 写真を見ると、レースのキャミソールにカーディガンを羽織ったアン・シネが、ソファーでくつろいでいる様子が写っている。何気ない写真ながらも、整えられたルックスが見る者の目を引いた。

____

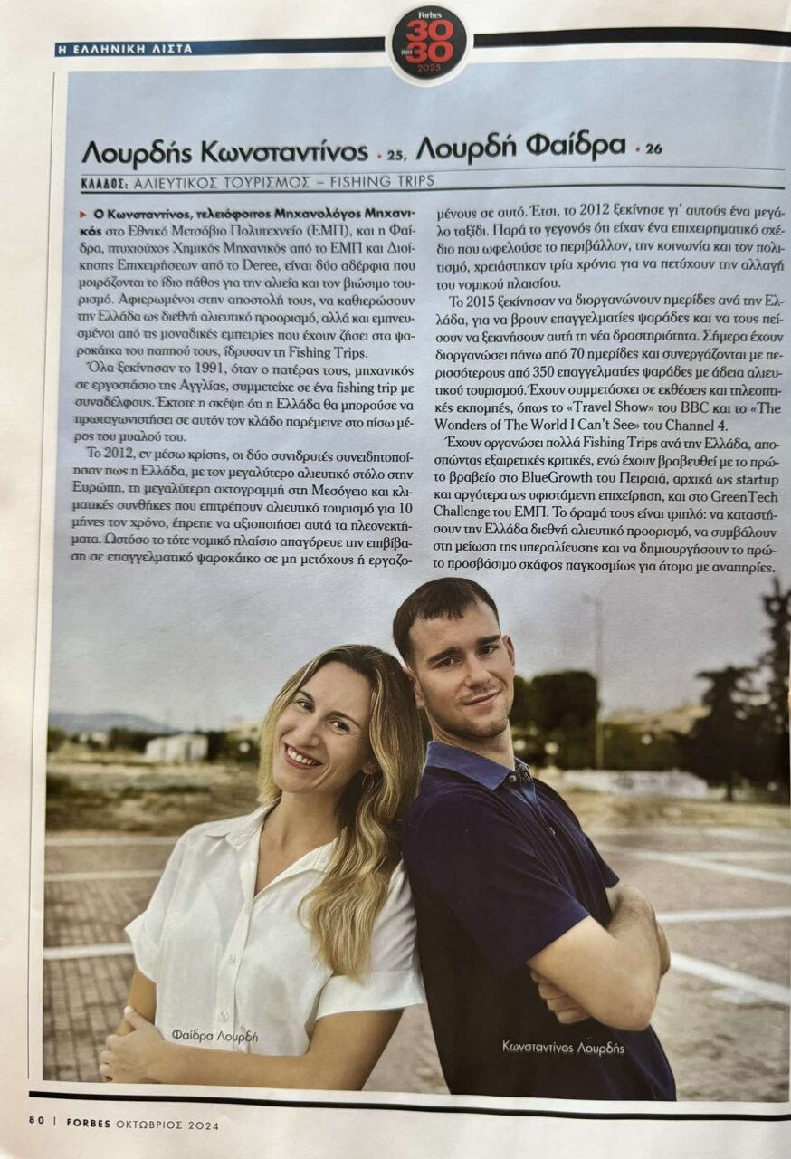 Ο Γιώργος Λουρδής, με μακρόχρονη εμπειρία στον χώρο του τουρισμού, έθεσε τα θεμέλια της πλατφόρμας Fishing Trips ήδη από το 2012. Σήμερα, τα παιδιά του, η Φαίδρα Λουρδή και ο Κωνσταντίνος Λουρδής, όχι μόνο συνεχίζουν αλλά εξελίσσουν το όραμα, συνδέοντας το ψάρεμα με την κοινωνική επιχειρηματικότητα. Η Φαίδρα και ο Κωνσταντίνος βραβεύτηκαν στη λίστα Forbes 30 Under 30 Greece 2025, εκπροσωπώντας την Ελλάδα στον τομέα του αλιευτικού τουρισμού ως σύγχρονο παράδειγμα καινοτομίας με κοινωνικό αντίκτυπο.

____

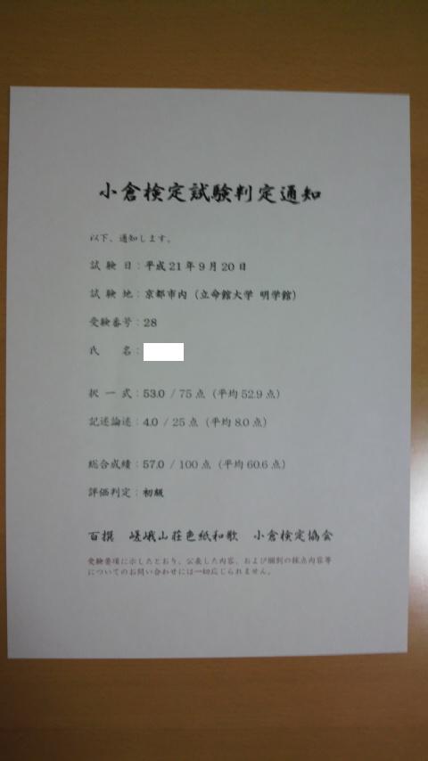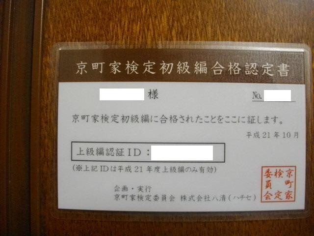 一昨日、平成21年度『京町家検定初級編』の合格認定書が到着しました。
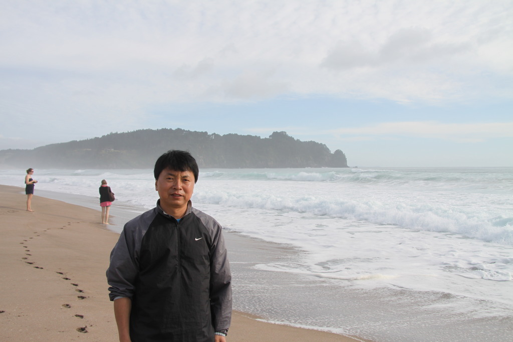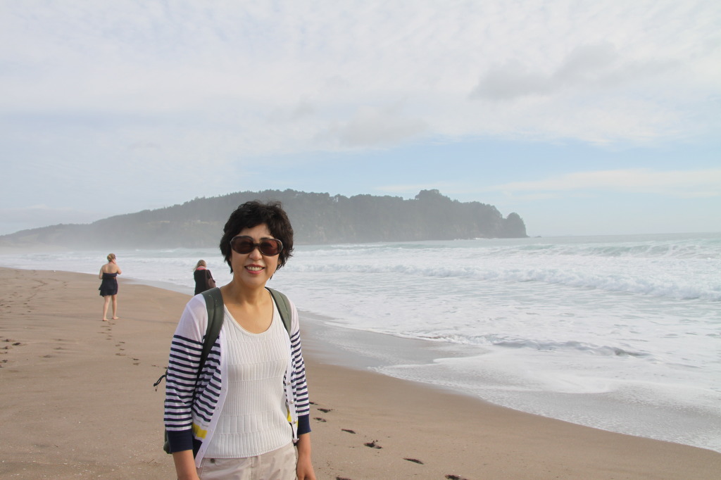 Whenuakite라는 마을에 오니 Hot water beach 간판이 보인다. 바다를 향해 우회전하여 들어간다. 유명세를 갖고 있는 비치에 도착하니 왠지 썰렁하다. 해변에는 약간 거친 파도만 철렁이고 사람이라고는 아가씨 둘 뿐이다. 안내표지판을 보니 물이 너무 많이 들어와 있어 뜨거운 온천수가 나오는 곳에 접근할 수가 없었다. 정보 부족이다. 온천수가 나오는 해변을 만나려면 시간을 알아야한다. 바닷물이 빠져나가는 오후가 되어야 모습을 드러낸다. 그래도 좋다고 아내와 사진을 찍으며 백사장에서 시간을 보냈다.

____

When you reach the line with "一昨日、平成21年度『京町家検定初級編』の合格認定書が到着しました。" in the records above, start writing out each line exactly, and stop after the line with "Whenuakite라는 마을에 오니". Pictures stay out.

 一昨日、平成21年度『京町家検定初級編』の合格認定書が到着しました。
 Whenuakite라는 마을에 오니 Hot water beach 간판이 보인다. 바다를 향해 우회전하여 들어간다. 유명세를 갖고 있는 비치에 도착하니 왠지 썰렁하다. 해변에는 약간 거친 파도만 철렁이고 사람이라고는 아가씨 둘 뿐이다. 안내표지판을 보니 물이 너무 많이 들어와 있어 뜨거운 온천수가 나오는 곳에 접근할 수가 없었다. 정보 부족이다. 온천수가 나오는 해변을 만나려면 시간을 알아야한다. 바닷물이 빠져나가는 오후가 되어야 모습을 드러낸다. 그래도 좋다고 아내와 사진을 찍으며 백사장에서 시간을 보냈다.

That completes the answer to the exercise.